Alcoa's shares inched up 0.09 percent to $34.90. On Monday, Bear Stearns raised its forecasts for Alcoa, the world's largest aluminum company and a Dow component, and the industry in general.
The outlook for U.S. earnings growth by S&P 500 companies has been scaled back in the past couple of weeks to a gain of 5.0 percent compared with a year ago from an increase of 9.2 percent estimated when the quarter began, according to Reuters Estimates.
Exxon Mobil was up 1 percent at $77.57 and Chevron added 2.05 percent to $77.04, a day after the S&P energy index hit a record, having found a base to mount a sustained rebound from its mid-March lows. The S&P energy index gained 6.63 points, or 1.40 percent, to end at 479.94.
"The surprise is the strong performance of the whole energy sector. In my opinion, that shows there is a real underlying tone of inflation here, but for the moment, nobody seems to be paying any attention to it," Metz said.

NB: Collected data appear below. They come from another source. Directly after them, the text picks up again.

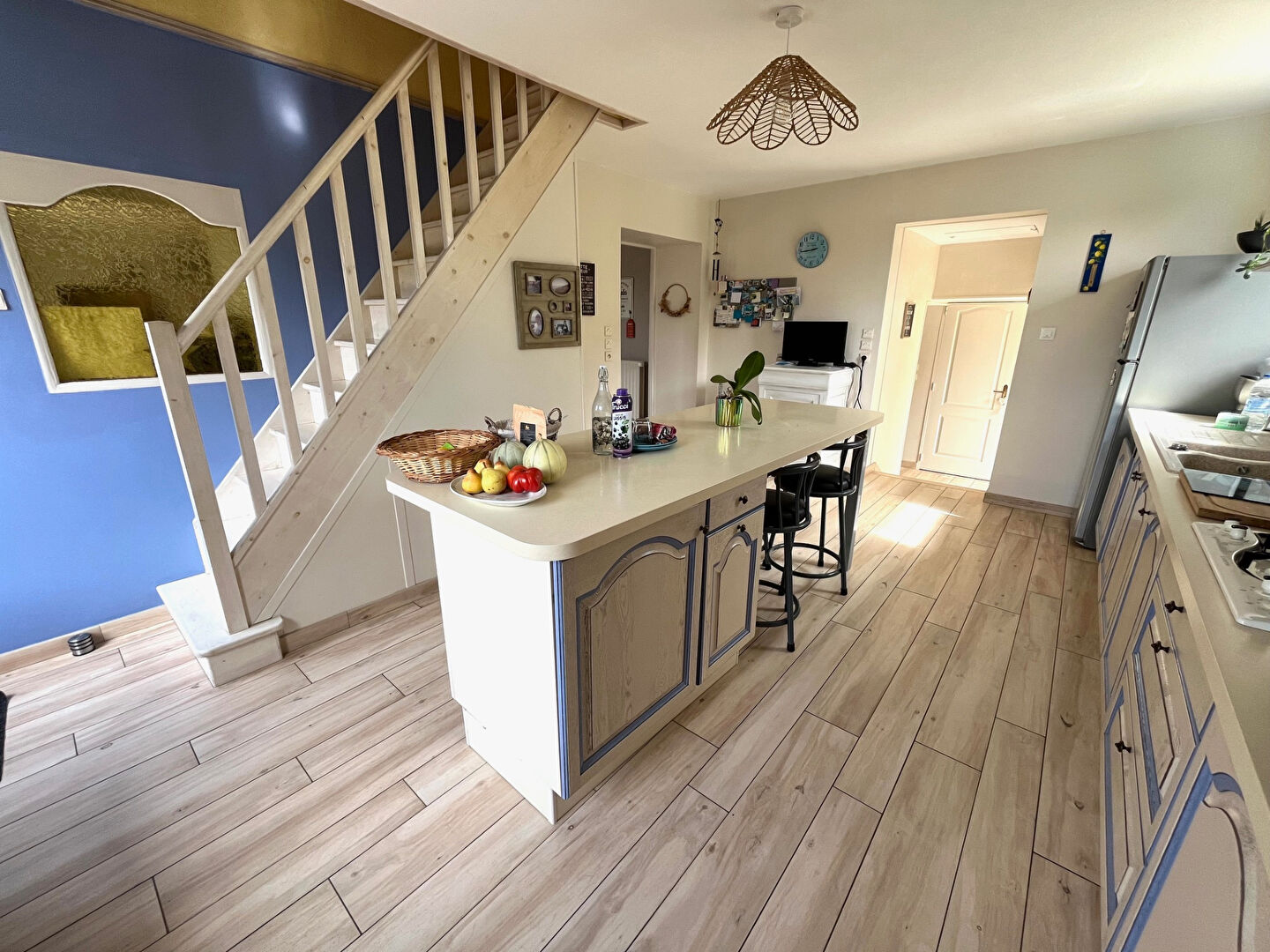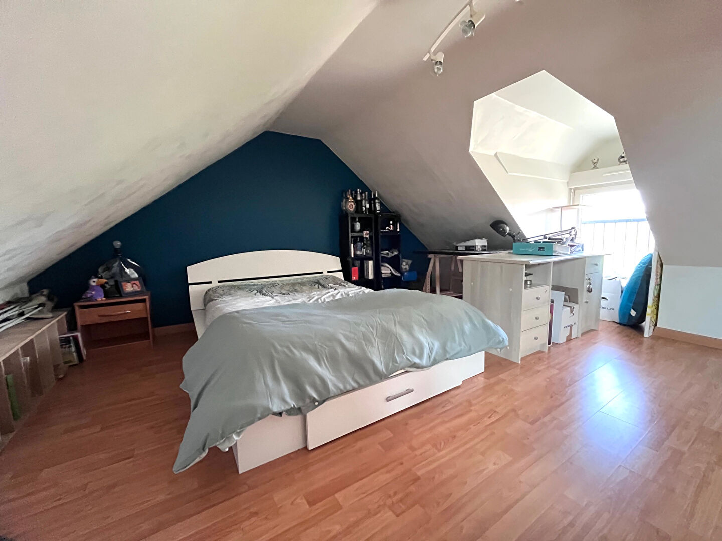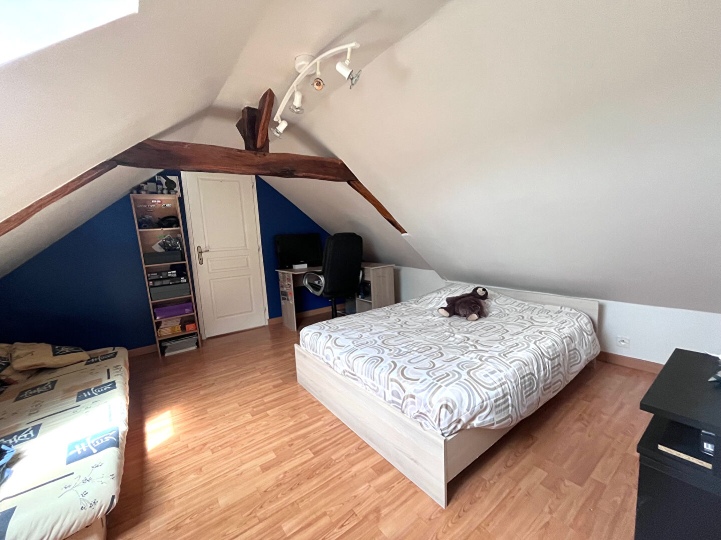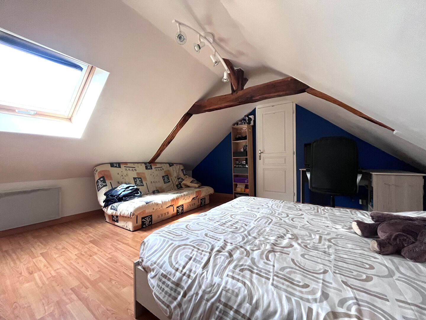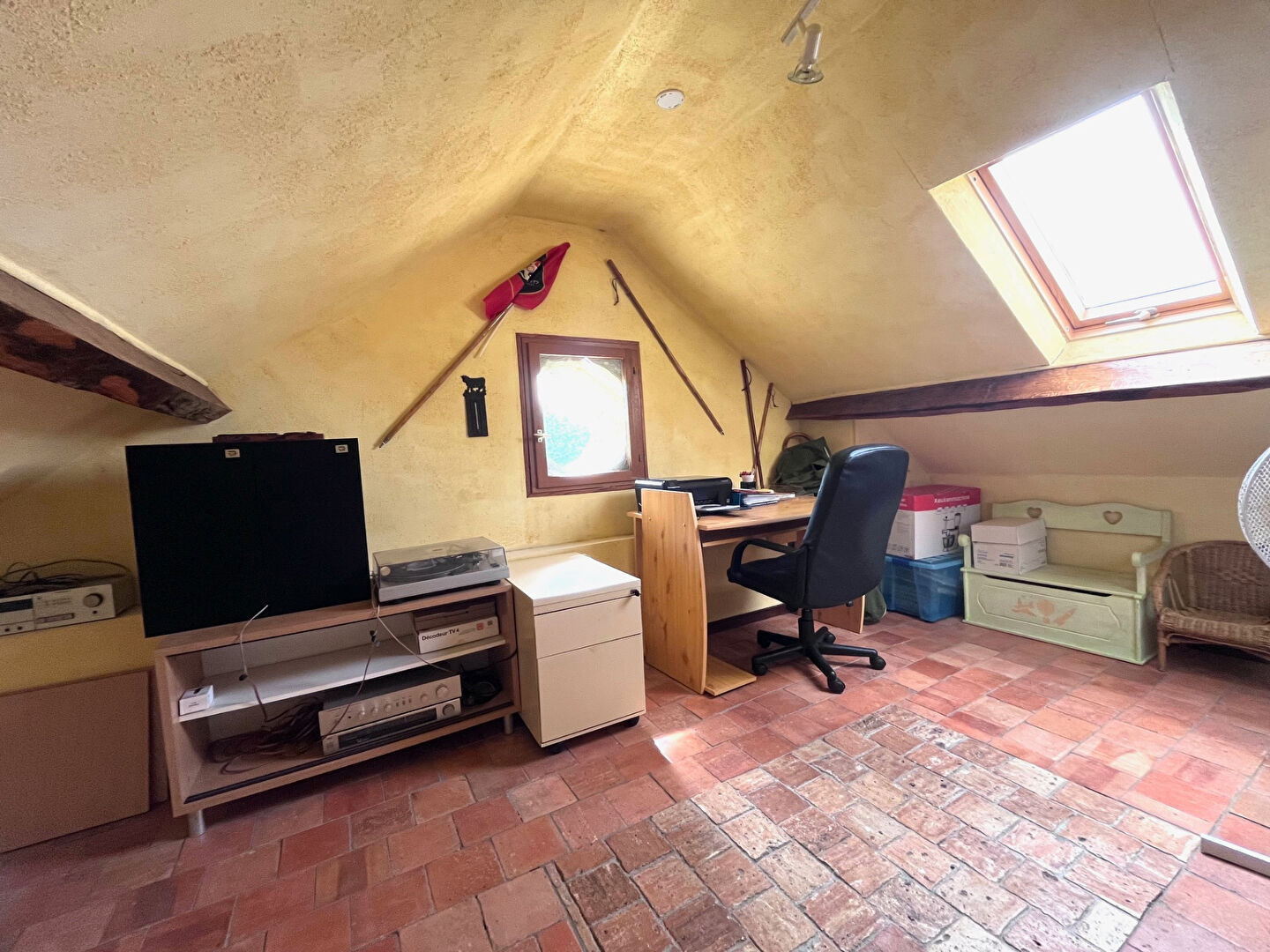 À l'étage, un bel espace ouvert vous attend, idéal pour un coin détente ou un bureau de télétravail, ainsi que deux grandes chambres en enfilade offrant de multiples possibilités d'aménagement.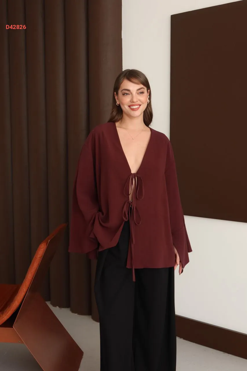 بلوزة سادة مع رابطات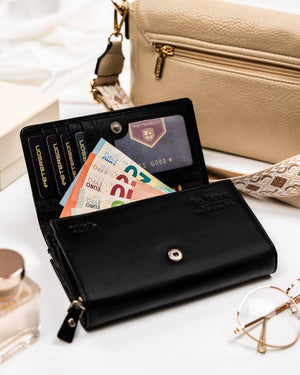 Šis elegantais sieviešu maks no Peterson kolekcijas ir izgatavots no augstas kvalitātes īstas ādas. Melnā krāsa nodrošina klasisku un daudzpusīgu stilu, kas piemērots dažādiem gadījumiem. Lielais izmērs nodrošina, ka jums būs pietiekami daudz vietas visām jūsu kartēm un monētām. Šī ir lieliska izvēle tiem, kas meklē praktiskuma un stila apvienojumu.

U.S. crude oil futures rose 38 cents to settle at $61.89 per barrel, bouncing back from Monday's sell-off on forecasts that Wednesday's government inventory data will show further drops in domestic gasoline and distillate supplies.
In another sign of the housing downturn, D.R. Horton Inc. , the largest U.S. home builder, said orders for new homes tumbled 37 percent last quarter and noted that the spring selling season has begun more slowly than usual.
D.R. Horton shares slid 1.54 percent to $21.70.
Mortgage lenders were also down sharply on concern about the health of the housing market. Impac Mortgage Holdings Inc.
lost 11.96 percent to $4.49 and Novastar Financial Corp. fell 4.1 percent to $4.91.
Overseas, shares extended their rise, pushing the broadest measure of global stocks to a lifetime high as markets in Asia and Australia rose to records.
Trading volume was well below average on the New York Stock Exchange, with about 1.33 billion shares changing hands. Last year's estimated daily average was 1.84 billion. On Nasdaq, about 1.89 billion shares traded, also below last year's daily average of 2.02 billion.
Advancing stocks outnumbered declining ones by a ratio of about 5 to 3 on the NYSE and by about 8 to 7 on Nasdaq.